Intraneuronal lipopigment accumulation is associated with ageing and certain diseases, and there are many claims that this can be influenced by drugs, particularly meclofenoxate (centrophenoxine). The various unsubstantiated or conflicting reports of the effects of this drug in animal studies indicate the need for methods for the demonstration of lipopigment accumulation in adequately defined, easily-identified, and relatively homogeneous neuronal populations; this study has validated two such methods by demonstrating significant differences between groups of rats at different ages in respect of measured lipopigment autofluorescence intensity from the most heavily pigmented regions of a subpopulation of Purkinje cells, and of the area overlying intraneuronal lipopigment in a region of the hippocampus. These methods were then used to investigate the effects of daily (5 days per week) intraperitoneal injections of meclofenoxate or dihydroergotoxine, over a period of 12 weeks, before sacrifice at 13.5 months. No significant effects of meclofenoxate were detected, but dihydroergotoxine administration was associated with a significant increase in mean area overlying intraneuronal lipopigment in the CA3a region of the hippocampus. The results do not confirm that meclofenoxate can induce a reduction in intraneuronal lipopigment, but suggest that chronic dihydroergotoxine administration was associated with an increase in intraneuronal volume of lipopigment in the cell bodies of CA3a hippocampal neurones.
Neurobiol Aging. 1986 Mar-Apr;7(2):107-13.
Lipofuscin in retinal pigment epithelium of rhesus monkey: lack of diminution with centrophenoxine treatment.
Andrews LD, Brizzee KR.
An experiment was performed to test the ability of Centrophenoxine to reduce the amount of lipofuscin (age pigment) in the retinal pigment epithelium (RPE) of aged rhesus monkeys. Centrophenoxine is reputed to have this action in neurons of lower mammals. Quantitative electron microscopic analysis was performed on sections from the perifovea of ten rhesus monkeys, all approximately 20 years of age. Four of the animals received 80 mg/kg Centrophenoxine (IM injection) daily for 12 weeks. No significant difference between the treated and control groups could be demonstrated statistically (Mann-Whitney U-test) either in the fraction of RPE cell cytoplasm occupied by lipofuscin granules or in the average size of the granules.
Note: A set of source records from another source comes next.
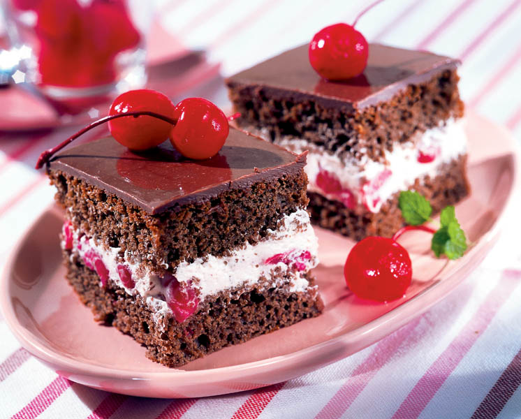3. Blatul copt şi răcit se taie în două. Se aşază o foaie pe un platou şi se unge cu crema de ciocolată. Se presară vişine confiate şi se acoperă cu cea de-a doua foaie de blat. Se acoperă cu glazură de ciocolată şi se ornează cu vişine confiate.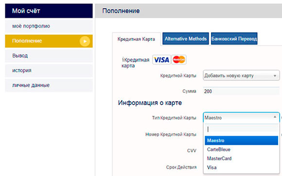 Для пополнения/вывода доступны только карта, скрилл и банковский перевод.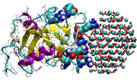 Учёные восполнили пробел, заложив в суперкомпьютер модели молекул, участвующих в формировании скорлупы. Оказалось, что две группы остатков аминокислоты аргинина, присутствующие на двух петлях OC-17, работают как скрепка или хомут, захватывающий наноразмерные частицы карбоната кальция. Этот захват провоцирует карбонат на превращение в нанокристалл, который начинает расти. Но самое интересное происходит дальше.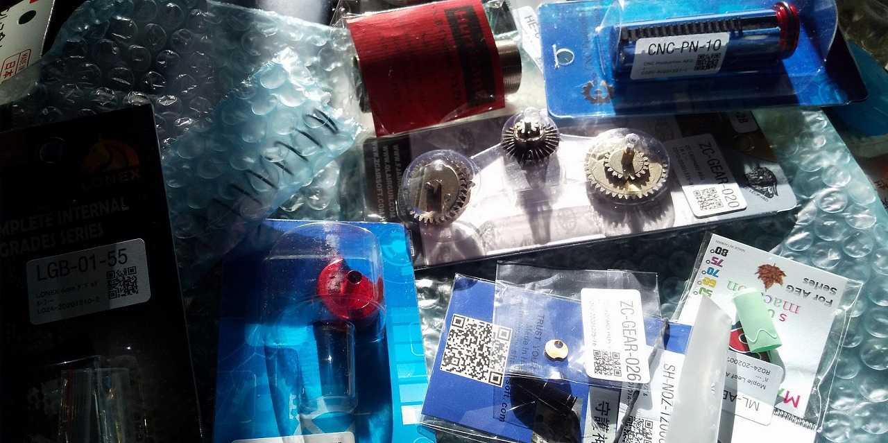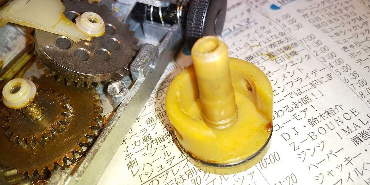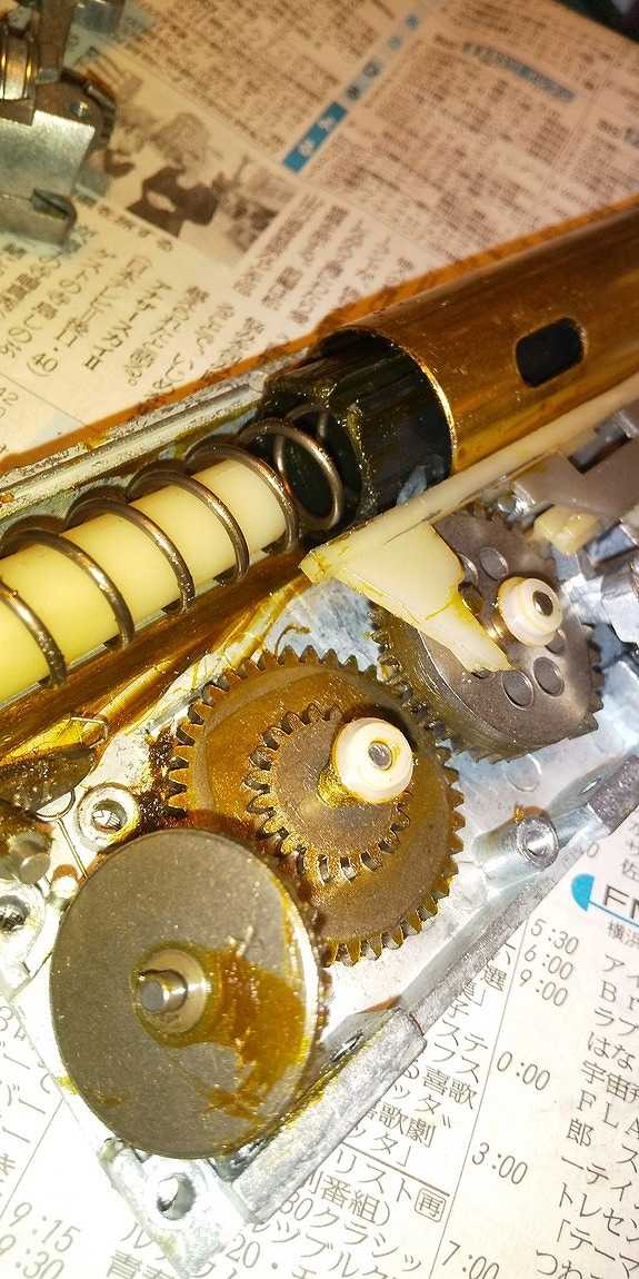 XYZギアですが、JG刻印のギアが混ざってます。同じ物なんでしょうね、きっと。今回の個体は普通のMp5用シリンダーでした。ギトギトに固いグリスが塗られてました。

J Gerontol. 1983 Sep;38(5):525-31.
Lipofuscin response to the "aging-reversal" drug centrophenoxine in rat retinal pigment epithelium and frontal cortex.
Katz ML, Robison WG Jr.
The effects of centrophenoxine on the lipofuscin contents of the retinal pigment epithelium (RPE) and frontal cortex of the brain were examined in senescent female Fischer rats. Rats (106 weeks old) were injected daily for 11 weeks with centrophenoxine (80 to 120 mg/kg body weight) or saline, and then sacrificed along with untreated 28- and 46-week-old controls. The number of lipofuscin granules seen in the RPE by light microscopy increased by 70% between 28 and 117 weeks of age in control animals. There was a concomitant age-related increase in lipofuscin specific fluorescence in the RPE. Centrophenoxine treatment neither reduced the amount of lipofuscin, nor altered the ultrastructural appearance of lipofuscin granules in the RPE. Between 28 and 117 weeks of age, there was an almost nine-fold increase in the lipofuscin content of the frontal cortex of control animals; centrophenoxine treatment failed to reverse this pigment accumulation.